Characterization of the proteome, diseases and evolution of the human postsynaptic density

Abstract

We isolated the postsynaptic density from human neocortex (hPSD) and identified 1,461 proteins. hPSD mutations cause 133 neurological and psychiatric diseases and were enriched in cognitive, affective and motor phenotypes underpinned by sets of genes. Strong protein sequence conservation in mammalian lineages, particularly in hub proteins, indicates conserved function and organization in primate and rodent models. The hPSD is an important structure for nervous system disease and behavior.

Fig. 1. hPSD Diseases and Enriched Phenotypes

a. Distribution of hPSD nervous system diseases in 4 ICD–10 chapters (left chart) with Chapter VI expanded (right chart) to show further subclassifications. b. Representative human and mouse phenotypes enriched in the hPSD. Categories (bold) of human and mouse phenotypes with number of genes (hPSD genes). Heatmap compares enrichment of these phenotypes in 4 gene sets relative to the enrichment of the hPSD (shown in red). All other gene sets showed lower enrichment (darker colors with black representing no enrichment). Neuron. human cortical neuron transcriptome; brain, whole mouse brain proteome; astrocyte, human astrocyte transcriptome; and human genome. Hs, human; Mm, mouse. HPO and MPO phenotype IDs in brackets after each named phenotype.

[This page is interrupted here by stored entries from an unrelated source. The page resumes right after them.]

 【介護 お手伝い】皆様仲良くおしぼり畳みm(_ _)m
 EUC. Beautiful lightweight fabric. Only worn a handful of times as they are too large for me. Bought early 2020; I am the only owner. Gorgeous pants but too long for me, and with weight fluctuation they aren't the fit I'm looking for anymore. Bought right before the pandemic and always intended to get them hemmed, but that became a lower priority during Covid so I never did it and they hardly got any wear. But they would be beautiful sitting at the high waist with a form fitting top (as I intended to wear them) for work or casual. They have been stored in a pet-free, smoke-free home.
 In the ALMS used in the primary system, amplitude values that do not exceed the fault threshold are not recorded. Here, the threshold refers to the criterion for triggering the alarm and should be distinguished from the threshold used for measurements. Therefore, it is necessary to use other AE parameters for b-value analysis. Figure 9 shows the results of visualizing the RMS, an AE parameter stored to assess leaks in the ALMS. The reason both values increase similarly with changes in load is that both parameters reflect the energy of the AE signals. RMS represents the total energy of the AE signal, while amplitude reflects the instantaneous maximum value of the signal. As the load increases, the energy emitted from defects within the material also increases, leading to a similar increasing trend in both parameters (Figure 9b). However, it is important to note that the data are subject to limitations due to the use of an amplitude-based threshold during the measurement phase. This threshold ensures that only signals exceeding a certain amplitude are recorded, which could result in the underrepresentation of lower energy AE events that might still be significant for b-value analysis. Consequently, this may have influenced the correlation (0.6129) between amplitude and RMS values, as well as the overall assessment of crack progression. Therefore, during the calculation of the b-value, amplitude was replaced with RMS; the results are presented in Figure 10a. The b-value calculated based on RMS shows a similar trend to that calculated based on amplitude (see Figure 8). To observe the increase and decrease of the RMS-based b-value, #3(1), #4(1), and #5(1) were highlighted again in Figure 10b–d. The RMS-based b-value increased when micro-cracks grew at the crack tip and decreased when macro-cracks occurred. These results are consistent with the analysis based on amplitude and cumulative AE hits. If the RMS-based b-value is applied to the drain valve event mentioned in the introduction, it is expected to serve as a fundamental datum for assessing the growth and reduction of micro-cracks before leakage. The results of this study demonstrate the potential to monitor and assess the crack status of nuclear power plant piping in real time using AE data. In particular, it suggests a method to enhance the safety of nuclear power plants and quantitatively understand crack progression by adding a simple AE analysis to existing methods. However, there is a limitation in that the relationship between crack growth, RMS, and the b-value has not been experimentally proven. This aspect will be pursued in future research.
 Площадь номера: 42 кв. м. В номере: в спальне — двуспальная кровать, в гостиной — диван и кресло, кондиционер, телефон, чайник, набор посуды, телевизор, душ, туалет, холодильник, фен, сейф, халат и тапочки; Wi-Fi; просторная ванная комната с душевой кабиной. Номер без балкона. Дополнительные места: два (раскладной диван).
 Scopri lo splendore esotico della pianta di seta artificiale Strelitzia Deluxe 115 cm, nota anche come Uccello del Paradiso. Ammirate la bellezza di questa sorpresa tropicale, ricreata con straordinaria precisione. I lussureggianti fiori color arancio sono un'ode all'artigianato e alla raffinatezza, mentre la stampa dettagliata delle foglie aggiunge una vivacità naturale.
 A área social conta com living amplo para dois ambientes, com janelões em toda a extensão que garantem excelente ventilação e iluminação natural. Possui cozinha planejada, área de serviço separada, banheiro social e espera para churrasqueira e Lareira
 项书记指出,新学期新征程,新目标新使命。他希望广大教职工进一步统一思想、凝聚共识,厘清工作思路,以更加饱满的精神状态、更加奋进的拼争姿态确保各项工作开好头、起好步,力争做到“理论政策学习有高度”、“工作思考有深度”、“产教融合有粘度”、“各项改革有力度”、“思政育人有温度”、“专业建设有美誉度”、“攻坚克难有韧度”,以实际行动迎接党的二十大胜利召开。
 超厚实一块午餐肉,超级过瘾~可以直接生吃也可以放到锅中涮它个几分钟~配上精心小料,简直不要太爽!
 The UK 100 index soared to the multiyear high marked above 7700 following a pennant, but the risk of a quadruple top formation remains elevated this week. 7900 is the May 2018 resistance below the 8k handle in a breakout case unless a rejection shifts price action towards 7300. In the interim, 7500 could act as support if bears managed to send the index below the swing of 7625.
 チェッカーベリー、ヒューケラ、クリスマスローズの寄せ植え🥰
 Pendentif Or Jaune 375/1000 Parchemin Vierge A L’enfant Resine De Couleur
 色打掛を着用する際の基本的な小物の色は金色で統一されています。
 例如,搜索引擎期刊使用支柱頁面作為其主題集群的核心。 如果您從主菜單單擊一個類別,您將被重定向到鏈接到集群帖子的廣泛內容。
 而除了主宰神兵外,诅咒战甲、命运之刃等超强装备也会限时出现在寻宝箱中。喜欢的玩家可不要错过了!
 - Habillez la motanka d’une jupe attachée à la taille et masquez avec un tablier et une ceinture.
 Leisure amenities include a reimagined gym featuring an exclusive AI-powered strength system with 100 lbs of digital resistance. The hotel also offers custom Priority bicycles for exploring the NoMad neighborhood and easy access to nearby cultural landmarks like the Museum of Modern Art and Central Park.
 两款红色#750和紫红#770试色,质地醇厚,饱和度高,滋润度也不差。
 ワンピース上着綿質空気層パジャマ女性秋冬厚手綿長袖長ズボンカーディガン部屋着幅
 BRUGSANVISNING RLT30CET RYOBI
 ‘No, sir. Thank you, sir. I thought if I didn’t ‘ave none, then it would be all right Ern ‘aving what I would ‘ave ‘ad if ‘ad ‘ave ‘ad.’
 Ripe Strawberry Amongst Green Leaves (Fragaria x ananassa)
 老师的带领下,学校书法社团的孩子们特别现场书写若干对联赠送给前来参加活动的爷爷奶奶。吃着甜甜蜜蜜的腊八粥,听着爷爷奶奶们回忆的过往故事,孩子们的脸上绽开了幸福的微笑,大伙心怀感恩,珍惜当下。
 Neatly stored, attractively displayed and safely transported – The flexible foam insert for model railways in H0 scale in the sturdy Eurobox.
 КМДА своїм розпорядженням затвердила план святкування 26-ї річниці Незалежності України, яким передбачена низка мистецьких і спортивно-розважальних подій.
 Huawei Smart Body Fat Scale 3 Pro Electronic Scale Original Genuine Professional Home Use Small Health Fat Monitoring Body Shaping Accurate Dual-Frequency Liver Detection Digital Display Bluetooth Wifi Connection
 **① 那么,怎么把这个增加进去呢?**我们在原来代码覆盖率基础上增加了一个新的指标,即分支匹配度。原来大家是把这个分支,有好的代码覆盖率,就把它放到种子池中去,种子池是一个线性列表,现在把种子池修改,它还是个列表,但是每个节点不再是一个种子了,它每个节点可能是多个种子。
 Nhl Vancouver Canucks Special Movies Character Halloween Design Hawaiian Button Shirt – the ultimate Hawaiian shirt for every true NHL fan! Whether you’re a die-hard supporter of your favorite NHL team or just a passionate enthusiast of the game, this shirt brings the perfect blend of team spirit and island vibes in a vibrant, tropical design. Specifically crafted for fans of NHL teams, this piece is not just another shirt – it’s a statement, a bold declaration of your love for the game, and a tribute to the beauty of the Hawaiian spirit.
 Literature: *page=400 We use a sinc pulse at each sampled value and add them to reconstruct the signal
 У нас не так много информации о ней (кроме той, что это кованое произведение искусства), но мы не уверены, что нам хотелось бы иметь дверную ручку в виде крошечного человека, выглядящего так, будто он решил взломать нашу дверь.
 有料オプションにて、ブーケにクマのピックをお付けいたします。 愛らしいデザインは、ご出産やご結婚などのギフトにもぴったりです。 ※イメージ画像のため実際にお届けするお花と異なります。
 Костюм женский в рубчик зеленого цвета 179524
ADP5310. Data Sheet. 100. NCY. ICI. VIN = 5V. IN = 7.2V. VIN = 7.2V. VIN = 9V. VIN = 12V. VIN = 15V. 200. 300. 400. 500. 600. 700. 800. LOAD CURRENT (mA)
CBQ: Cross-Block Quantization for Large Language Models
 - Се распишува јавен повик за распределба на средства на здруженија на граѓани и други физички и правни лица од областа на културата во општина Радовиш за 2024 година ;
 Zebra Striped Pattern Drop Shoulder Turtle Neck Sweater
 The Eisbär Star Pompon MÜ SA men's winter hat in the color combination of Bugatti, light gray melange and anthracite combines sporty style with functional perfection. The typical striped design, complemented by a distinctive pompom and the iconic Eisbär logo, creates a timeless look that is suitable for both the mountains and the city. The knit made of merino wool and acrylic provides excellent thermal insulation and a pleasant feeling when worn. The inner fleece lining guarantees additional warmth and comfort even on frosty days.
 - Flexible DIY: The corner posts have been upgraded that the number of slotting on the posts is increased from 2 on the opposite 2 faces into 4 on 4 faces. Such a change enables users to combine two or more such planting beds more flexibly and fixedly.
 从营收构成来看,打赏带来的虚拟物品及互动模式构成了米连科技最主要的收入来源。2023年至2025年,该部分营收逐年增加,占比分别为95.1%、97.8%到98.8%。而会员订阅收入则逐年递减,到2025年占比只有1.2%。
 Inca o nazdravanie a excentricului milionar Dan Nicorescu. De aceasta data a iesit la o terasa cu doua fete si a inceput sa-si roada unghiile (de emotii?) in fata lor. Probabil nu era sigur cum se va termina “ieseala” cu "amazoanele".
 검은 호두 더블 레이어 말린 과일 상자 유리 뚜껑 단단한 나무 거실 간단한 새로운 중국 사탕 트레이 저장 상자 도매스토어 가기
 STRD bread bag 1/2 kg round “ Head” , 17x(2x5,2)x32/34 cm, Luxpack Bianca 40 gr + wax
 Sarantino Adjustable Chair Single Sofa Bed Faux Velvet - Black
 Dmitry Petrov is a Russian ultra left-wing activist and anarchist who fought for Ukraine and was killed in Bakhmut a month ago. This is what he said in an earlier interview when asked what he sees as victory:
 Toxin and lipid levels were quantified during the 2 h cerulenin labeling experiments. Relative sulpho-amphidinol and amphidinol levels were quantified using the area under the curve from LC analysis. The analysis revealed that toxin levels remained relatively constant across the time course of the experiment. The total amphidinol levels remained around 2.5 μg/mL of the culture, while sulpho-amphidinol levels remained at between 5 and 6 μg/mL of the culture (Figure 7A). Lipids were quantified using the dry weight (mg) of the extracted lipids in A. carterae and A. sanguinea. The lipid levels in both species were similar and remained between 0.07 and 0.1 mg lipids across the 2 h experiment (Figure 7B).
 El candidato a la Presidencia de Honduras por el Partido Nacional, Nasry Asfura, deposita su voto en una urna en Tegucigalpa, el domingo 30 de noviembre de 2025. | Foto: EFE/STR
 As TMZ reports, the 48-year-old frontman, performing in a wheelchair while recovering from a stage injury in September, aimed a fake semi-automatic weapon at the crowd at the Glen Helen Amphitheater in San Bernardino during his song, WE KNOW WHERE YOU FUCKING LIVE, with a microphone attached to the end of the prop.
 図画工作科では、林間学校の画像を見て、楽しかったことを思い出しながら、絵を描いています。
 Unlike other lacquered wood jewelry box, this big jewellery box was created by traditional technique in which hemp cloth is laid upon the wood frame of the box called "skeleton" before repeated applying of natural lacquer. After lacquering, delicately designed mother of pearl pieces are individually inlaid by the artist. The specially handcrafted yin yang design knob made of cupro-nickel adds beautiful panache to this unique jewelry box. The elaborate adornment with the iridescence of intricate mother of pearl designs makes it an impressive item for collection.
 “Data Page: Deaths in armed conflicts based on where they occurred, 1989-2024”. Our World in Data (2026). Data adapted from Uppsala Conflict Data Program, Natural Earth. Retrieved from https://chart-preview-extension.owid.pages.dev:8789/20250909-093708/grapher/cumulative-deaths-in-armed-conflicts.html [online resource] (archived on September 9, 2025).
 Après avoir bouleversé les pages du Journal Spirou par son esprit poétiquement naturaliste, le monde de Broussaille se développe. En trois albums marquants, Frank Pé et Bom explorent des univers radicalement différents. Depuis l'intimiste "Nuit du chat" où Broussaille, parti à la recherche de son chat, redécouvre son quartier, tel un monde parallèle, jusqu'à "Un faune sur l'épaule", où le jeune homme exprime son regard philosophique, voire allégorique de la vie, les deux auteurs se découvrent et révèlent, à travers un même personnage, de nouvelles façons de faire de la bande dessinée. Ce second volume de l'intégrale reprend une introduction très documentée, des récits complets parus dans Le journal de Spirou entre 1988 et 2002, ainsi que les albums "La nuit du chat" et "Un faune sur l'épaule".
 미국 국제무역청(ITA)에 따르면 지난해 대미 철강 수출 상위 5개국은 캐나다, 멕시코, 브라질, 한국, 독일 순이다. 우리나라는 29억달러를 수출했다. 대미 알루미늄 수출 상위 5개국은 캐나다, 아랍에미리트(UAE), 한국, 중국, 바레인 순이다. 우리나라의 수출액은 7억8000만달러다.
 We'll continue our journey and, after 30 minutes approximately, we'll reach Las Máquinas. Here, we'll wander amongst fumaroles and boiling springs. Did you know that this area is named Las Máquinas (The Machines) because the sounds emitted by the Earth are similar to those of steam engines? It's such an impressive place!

Fig. 2. hPSD sequence conservation

a. Cumulative frequency plot of dN/dS values for hPSD and non–PSD genes expressed in cortical neurons, and human genome. hPSD neuronal genes are more constrained than non–PSD neuronal genes (p < 10⁻¹¹). b. Median mouse–human dN/dS shown for hPSD and subcellular structures expressed in cortical neurons. Significance: p < 0.05 (*), p< 0.001 (***). c, Boxplots of dN/dS distribution in hPSD hub proteins (>15 interactions, n = 23), non–hubs (≤15 interactions, n = 725) and the tandem affinity purification of PSD–95 complex.